女神さまは早速自分のスペースを確保すると、キラキラした目で目の前の景色を見つめるのだった。
『うふふ、役得、役得♪』
ホクホク顔の女神さまに、ギブリールも内心『いやいや、役得じゃないですってば、女神さまっ!』と思いつつ……。自分も人のことを言えないので、ギブリールは黙り込むのだった。
――そして、女神さまを交えての突然の鑑賞会が始まる。
三人が絡み始める度にドキマギするギブリール。そして一方、嬉しそうに「きゃー!」と黄色い声援を上げる女神さま。
『ふふっ、でも、ギブちゃんが男の子の背中を押してあげようだなんて。ギブちゃんも変わったのねー』
目の前で抱き合い、熱いキスを繰り広げるリゼとトーヤの二人を見つめながら――女神さまはしみじみと、感慨深そうに呟く。
『でも……それじゃあ誰がギブちゃんの背中を押すのかしら?』
ボクは女神さまの言葉にハッとすると、女神さまの顔を見上げる。
――この世の全てを慈しむ、女神さまの瞳。

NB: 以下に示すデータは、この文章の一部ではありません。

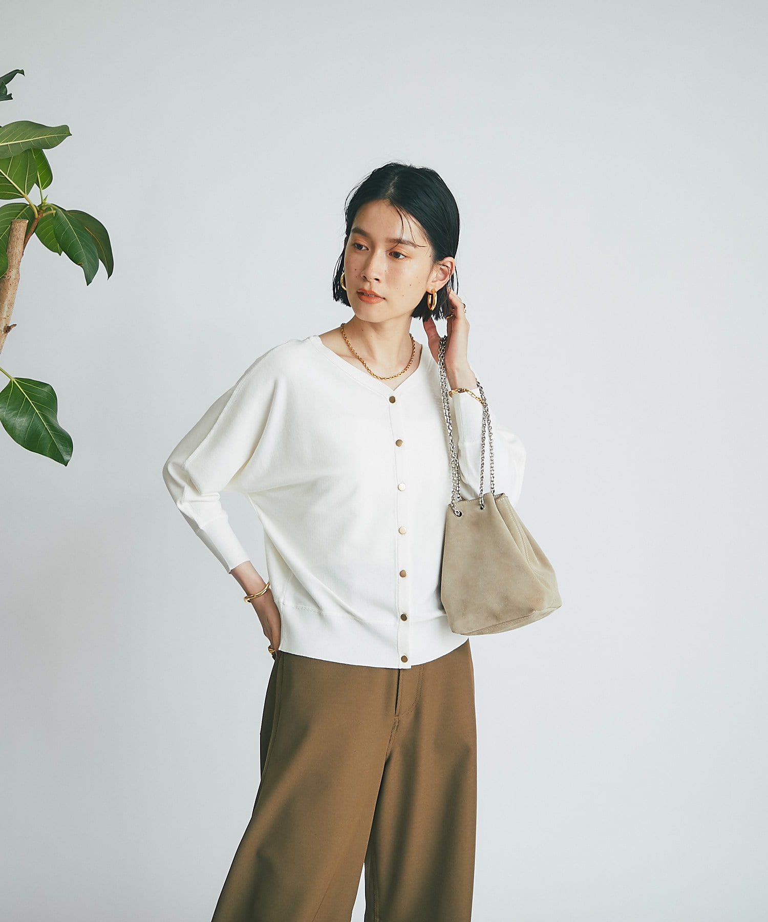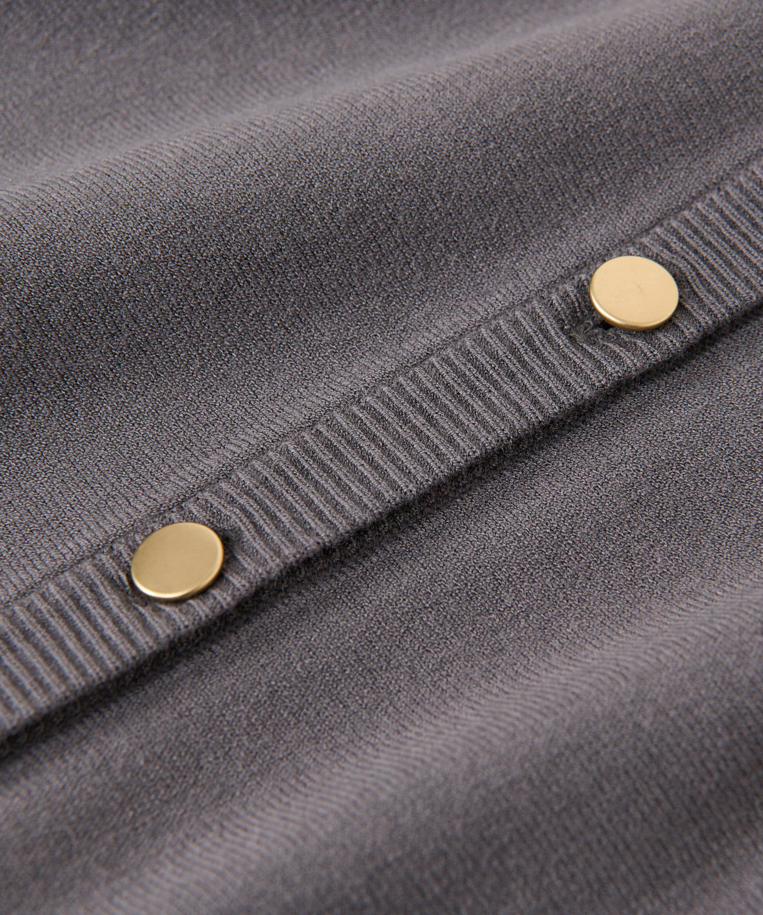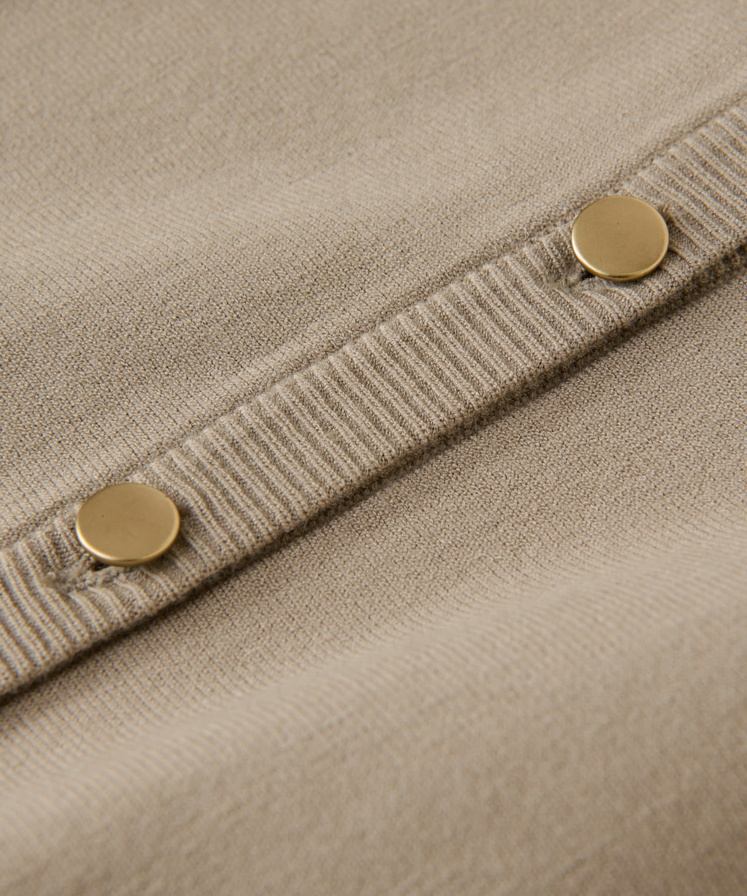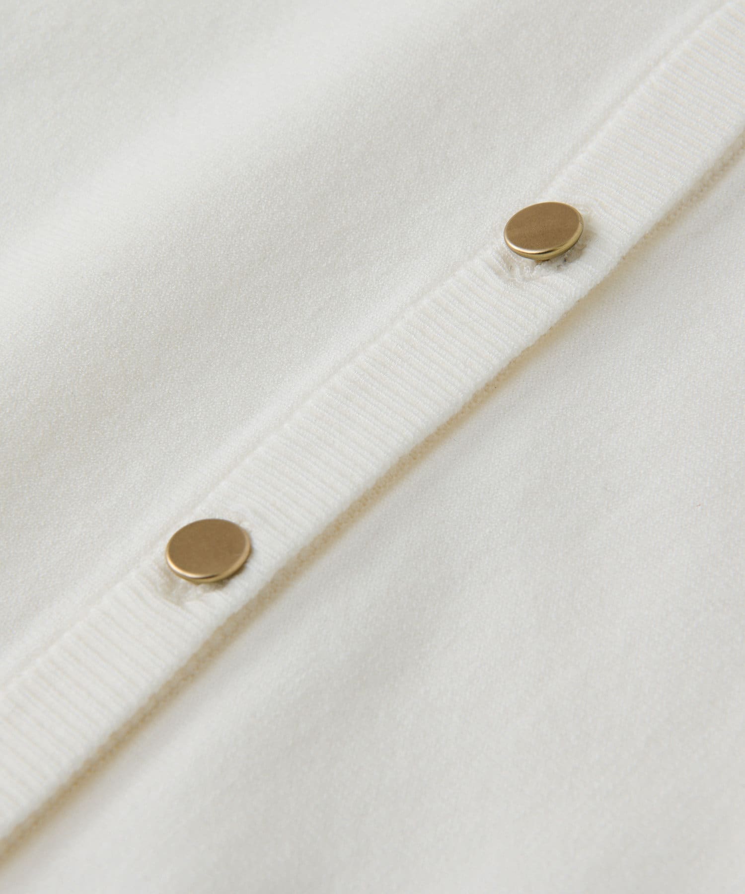 シンプルなデザインですが、ゴールドのボタンがアクセサリーのように女性らしい華やかさをプラスします。

それがボクに向けられていた。
『そんなの、ボクだって……』
ギブリールは思わず言葉に詰まる。
リゼちゃんだってエレナさんだって……二人はトーヤくんの側にいるのに、どうしてボクだけ『見てる』だけなんだろう。
そう思うことは、一度や二度じゃなかった。けれど……その度に明るく振る舞って、自分の気持ちを誤魔化してきた。
『元気が出る薬』でトーヤくんの背中を押したのだって……トーヤくんに、ボクのことを見て貰いたかったからだ。

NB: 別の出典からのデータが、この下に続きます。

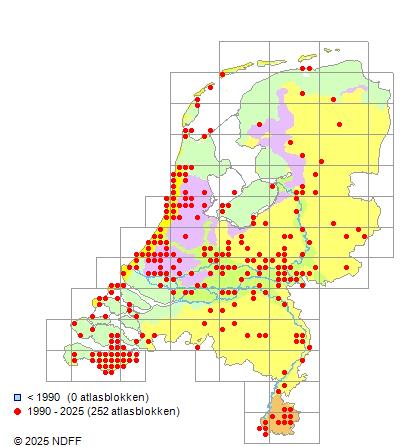 Het aantal atlasblokken (5x5 km) waarin de soort is gemeld binnen een periode van vijf jaar (vanaf 1980) of twintig jaar. Niet gecorrigeerd voor waarnemersinspanning en het aantal doorgegeven waarnemingen kan sterk variëren per periode, dus een trend in verspreiding kan hier niet direct uit worden afgelezen. Het opgegeven jaartal is het eerste jaar van de periode. Bron: gevalideerde waarnemingen uit de NDFF.
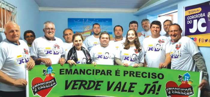 Os empresários e políticos, Vandelino Raimondi e o narigudo ex-secretário de Obras, Tarcísio Zanelatto, também abraçaram a causa. Eles pegaram no pau da bandeira, digo da faixa, pedindo a emancipação. Até o padre Rufino da paróquia de São Pedro na Itaipava, se engajou e abençoou o movimento que cobra acima de tudo ação em prol da zona rural.

――このまま見ているだけだなんて……絶対にイヤだ。全身でトーヤくんのことを感じたい。抱きしめられたい。抱きついて匂いを嗅ぎたい。トーヤくんと同じ物を食べて、トーヤくんと同じ風を感じたい。よしよしと頭を撫でて欲しい。『チュー』だってして欲しい。そして、何より――
――
女神さまは、ボクの瞳をジッと見つめる。
――雰囲気が、変わった。いつもの"ゆるふわ"な雰囲気の女神さまから、まるでスイッチが切り替わったかのように別人の雰囲気を纏う。
それはまるで、神託を下す時の女神さまのようで……
『――あなたの願い、聞き届けました』
そして女神さまは、ボクに向かって言うのだった。
『これより女神である私が命じます。
――天使ギブリールよ、これより地上へと降り立ち――『勇者トーヤ・アーモンド』と共に、セカイを救いなさい』
――ドクン。心臓の鼓動が高鳴る。
ボクも、トーヤくんと一緒に居られる……?
聞き間違いじゃないよね? けど、確かにボクの耳にはそう聞こえたんだ。トーヤくんと一緒に、世界を救えって……!
『め、女神さま……! い、いいんですかっ!?』
ボクははやる心で女神さまに問いただす。すると女神さまは、ニッコリと微笑んで首を縦に頷くのだった。
『頑張ってね、私の可愛いギブちゃん♡』
そんな女神さまのウィンクと共に、ボクの体は光に包まれる。
――ありがとう、女神さま……
そして、ギブリールの身体は地上へと降下する独特の感覚に包まれる。
やがてギブリールの意識は、深い闇へと沈むのだった……。